Du point de vue bourgeois, il est aisé de traiter un semblable régime social de "pure utopie", et de railler les socialistes qui promettent à chaque citoyen le droit de recevoir de la société, sans aucun contrôle de son travail, autant qu’il voudra de truffes, d’automobiles, de pianos, etc. C’est à des railleries de cette nature que se bornent aujourd’hui encore la plupart des "savants" bourgeois, qui révèlent ainsi leur ignorance et leur mentalité de défenseurs intéressés du capitalisme.
Leur ignorance, car il n’est venu à l’esprit d’aucun socialiste de "promettre" l’avènement de la phase supérieure du communisme ; quant à la prévision de son avènement par les grands socialistes, elle suppose une productivité du travail différente de celle d’aujourd’hui, et la disparition de l’homme moyen d’aujourd’hui capable, comme les séminaristes de Pomialovski, de gaspiller "à plaisir" les richesses publiques et d’exiger l’impossible.
En attendant l’avènement de la phase "supérieure"" du communisme, les socialistes réclament de la société et de l’Etat qu’ils exercent le contrôle le plus rigoureux , sur la mesure de travail et la mesure de consommation ; mais ce contrôle doit commencer par l’expropriation des capitalistes, par le contrôle des ouvriers sur les capitalistes, et il doit être exercé non par l’Etat des fonctionnaires, mais par l’Etat des ouvriers armés.
La défense intéressée du capitalisme par les idéologues bourgeois (et leurs caudataires tels que les Tsérétéli, les Tchernov et cie) consiste précisément à escamoter, par des discussions et des phrases sur un avenir lointain, la question d’actualité brûlante de la politique d’aujourd’hui : l’expropriation des capitalistes, la transformation de tous les citoyens en travailleurs et employés d’un grand "syndicat" unique , à savoir : l’Etat tout entier, et la subordination absolue de tout le travail de tout ce syndicat à un Etat vraiment démocratique, à l’Etat des Soviets des députés ouvriers et soldats.
Au fond, lorsqu’un savant professeur, et après lui le philistin, et après lui les Tsérétéli et les Tchernov parlent des utopies insensées, des promesses démagogiques des bolchéviks, de l’impossibilité d’"instaurer" le socialisme, ils songent précisément à ce stade ou à cette phase supérieure du communisme, que personne n’a jamais promis ni même eu le dessein d’"instaurer", car, d’une façon générale, il est impossible de l’"instaurer".

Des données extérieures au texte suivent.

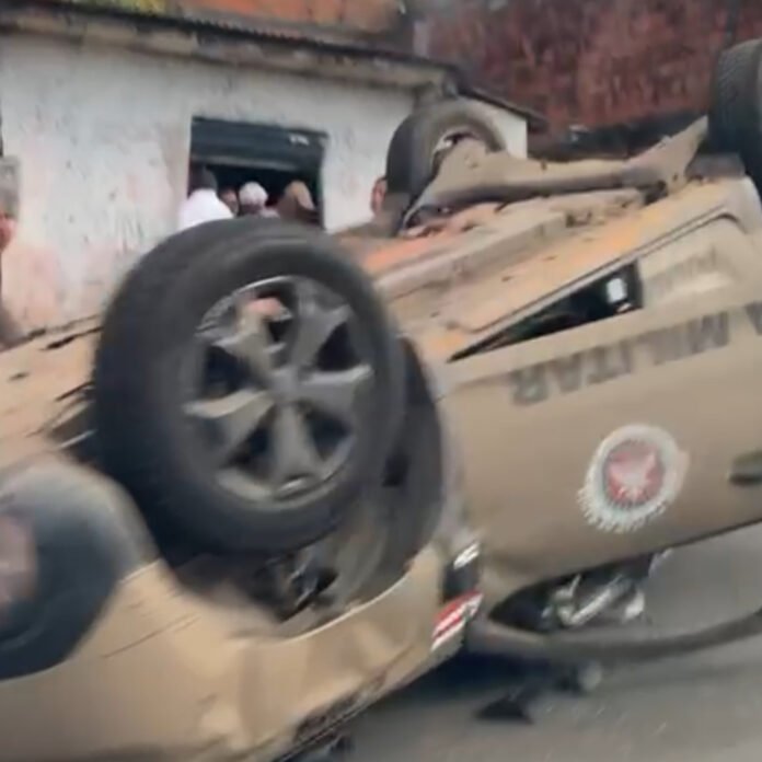 Uma viatura 22º Batalhão da Polícia Militar de Cajazeiras capotou na tarde desta terça(30), na Rua Vereador Zezeu Ribeiro, próximo a Independência, na Fazenda Grande 1.

Nous abordons ici la question de la distinction scientifique entre socialisme et communisme, effleurée par Engels dans le passage précédemment cité sur l’impropriété de l’appellation de "social-démocrate". Au point de vue politique la différence entre la première phase ou phase inférieure et la phase supérieure du communisme sera certainement considérable avec le temps ; mais aujourd’hui, en régime capitaliste, il serait ridicule d’en faire cas, et seuls peut-être quelques anarchistes pourraient la mettre au premier plan (si tant est qu’il subsiste encore parmi les anarchistes des gens qui n’aient rien appris à la suite de la métamorphose "plékhanovienne" des Kropotkine, des Grave, des Cornélissen et autres "étoiles" de l’anarchisme en social-chauvins ou en anarchistes-des-tranchées, suivant l’expression de Gay, un des rares anarchistes qui aient gardé honneur et conscience).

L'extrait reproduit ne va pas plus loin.